The NS approach has been a real revolution for the RNA-seq procedure, because PCR bias can be eliminated by using direct cDNA/RNA sequencing. The main strengths of this strategy are the possibility to obtain full-length transcripts, with unambiguous identification of transcripts and isoforms, and the opportunity to study splice variants and chimeric transcripts and SVs more accurately. As in NS the read length corresponds to the fragment length, the limits typical of short-read sequencing are overcome.

Nanopore transcriptome analysis also allows estimation of the poly(A) tail length (Workman et al., 2018), that is important for RNA stability and translation, and is difficult to study with standard short-read sequencing methods (Seki et al., 2019). Overall, NS currently offers three different approaches for RNA-seq: cDNA-PCR sequencing, direct cDNA sequencing and direct RNA sequencing; the latter is the first direct RNA sequencing method (Garalde et al., 2018). Compared to short-read sequencing, long-read RNA-seq, whether long-read cDNA or direct RNA, is potentially a more appropriate approach for isoform discovery, fusion transcript discovery, de novo transcriptome analysis and analysis of complex loci.

Moreover, direct RNA-seq allows epitranscriptome analysis, through the detection of transcriptional modifications inferred from the signal as the RNA molecule passes through the nanopore (Schwartz and Motorin, 2017; Workman et al., 2018; Wongsurawat et al., 2018; Liu et al., 2019), as subsequently described. However, the main drawback of nanopore transcriptome analysis is a lower throughput compared to short-read sequencing; the throughput further decreases when using the direct RNA approach, that is the method with the highest input requirement, due to a slower transition through the pore compared to the DNA strand. In direct RNA-seq, 500 ng of polyA mRNA are needed as starting material, which may not be available for some critical samples. Moreover, RNA degradation can compromise an efficient detection of splice variants; the application of method for isolating intact transcripts (for instance, by targeting the eukaryotic 5′ cap) may be very effective for this purpose (Garalde et al., 2018).

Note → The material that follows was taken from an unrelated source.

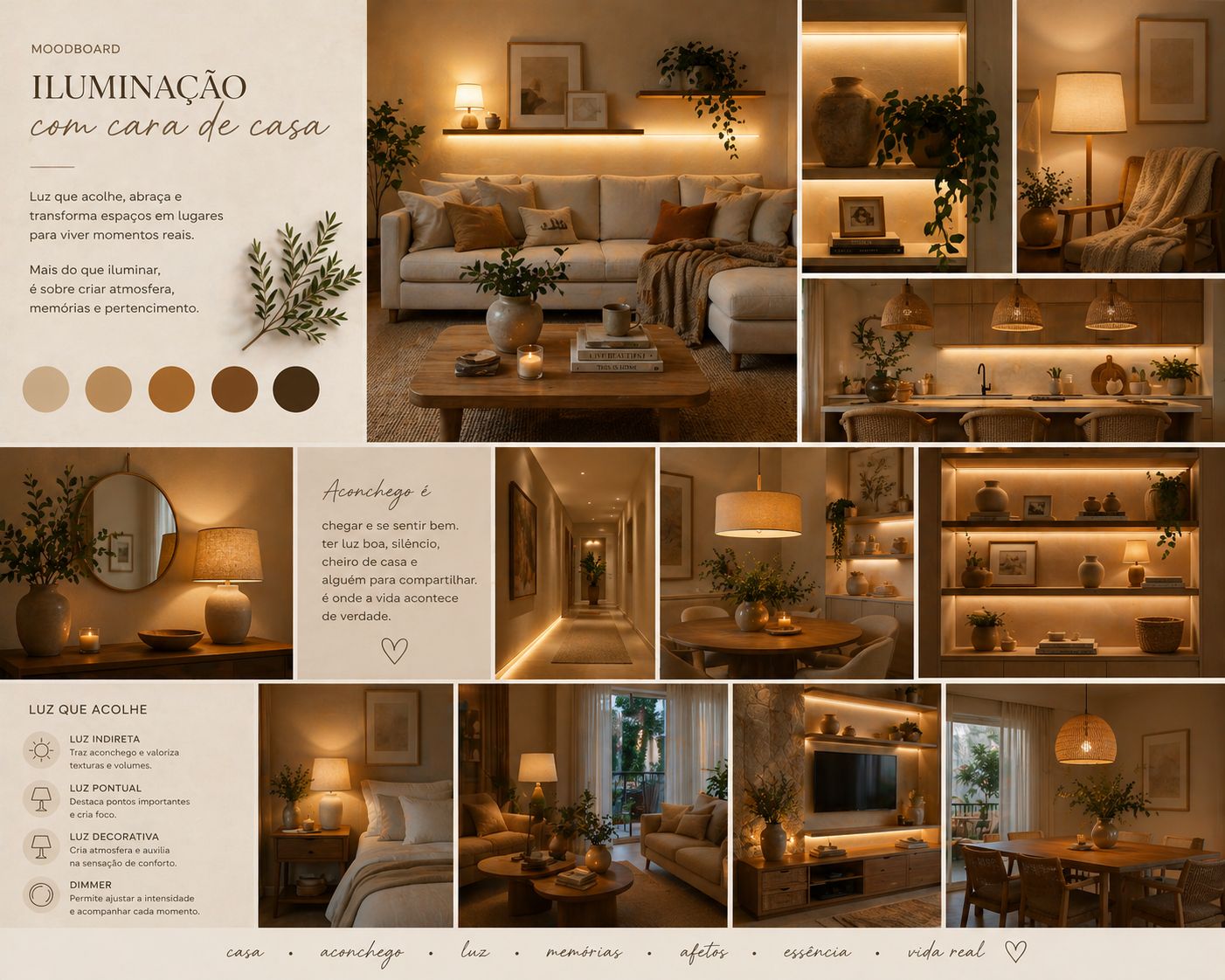 A iluminação é uma das grandes responsáveis pela sensação de conforto dentro de casa. Luzes indiretas, perfis de LED, abajures e pontos de iluminação mais quentes ajudam a criar uma atmosfera agradável e intimista, principalmente nos momentos de descanso.

In some papers, nanopore cDNA and direct RNA sequencing approaches have been compared, illustrating the strengths and limitations of both (Workman et al., 2018; Seki et al., 2019; Soneson et al., 2019). Although direct sequencing of full-length cDNA/RNA molecules is promising, it has been reported that a certain percentage of the raw nanopore reads are unlikely to be full-length reference transcripts, both with direct cDNA and RNA sequencing, thus interfering with the true identification/quantification of transcripts; this aspect needs to be improved (Soneson et al., 2019).

Regarding bioinformatics tools to be used for data analysis, dedicated pipelines/software have recently been developed and are currently available for nanopore RNA-seq analysis (Makałowski and Shabardina, 2019; Seki et al., 2019) (https://long-read-tools.org/). Some applications are more efficiently performed with NS compared to short-read sequencing: the detection of fusion transcripts, the opportunity of identifying allele-specific transcriptional events by phasing variants on the transcripts, and single-cell transcriptome analysis (Seki et al., 2019). Until now, most of the transcriptome studies in human research performed with NS namely were aimed at unambiguously characterizing and quantifying full-length isoforms and splice variants (Clark et al., 2018; Sakamoto et al., 2019; Rahimi et al., 2019; Hardwick et al., 2019), and identifying fusion transcripts and determining variants phasing (Byrne et al., 2017; Suzuki et al., 2017; Jeck et al., 2019), especially in cancer and neurological disorders.

NS in Hematology

In the hematological field, nanopore RNA-seq is still in its infancy, but some applications are currently emerging. By combining the MinION system and Anchored Multiplex PCR (AMP)-based libraries, a nanopore-based sequencing assay was developed to rapidly detect fusion genes in acute leukemia, where fusion detection is time sensitive and clinically relevant to choose the best treatment depending on the leukemia subtype (Jeck et al., 2019). Similarly, a NS assay based on the analysis of full-length cDNA has been developed to analyze the single-cell transcriptome, and has been applied to study the transcriptional heterogeneity of B cells with different surface receptors. Single-cell transcriptome analysis coupled with long-read sequencing makes it possible to study the real cellular transcriptional diversity at both gene and isoform level in these cells, defining and quantifying complex and/or never before reported isoforms (Byrne et al., 2017) and so extending the knowledge of physiological cellular processes and their alterations.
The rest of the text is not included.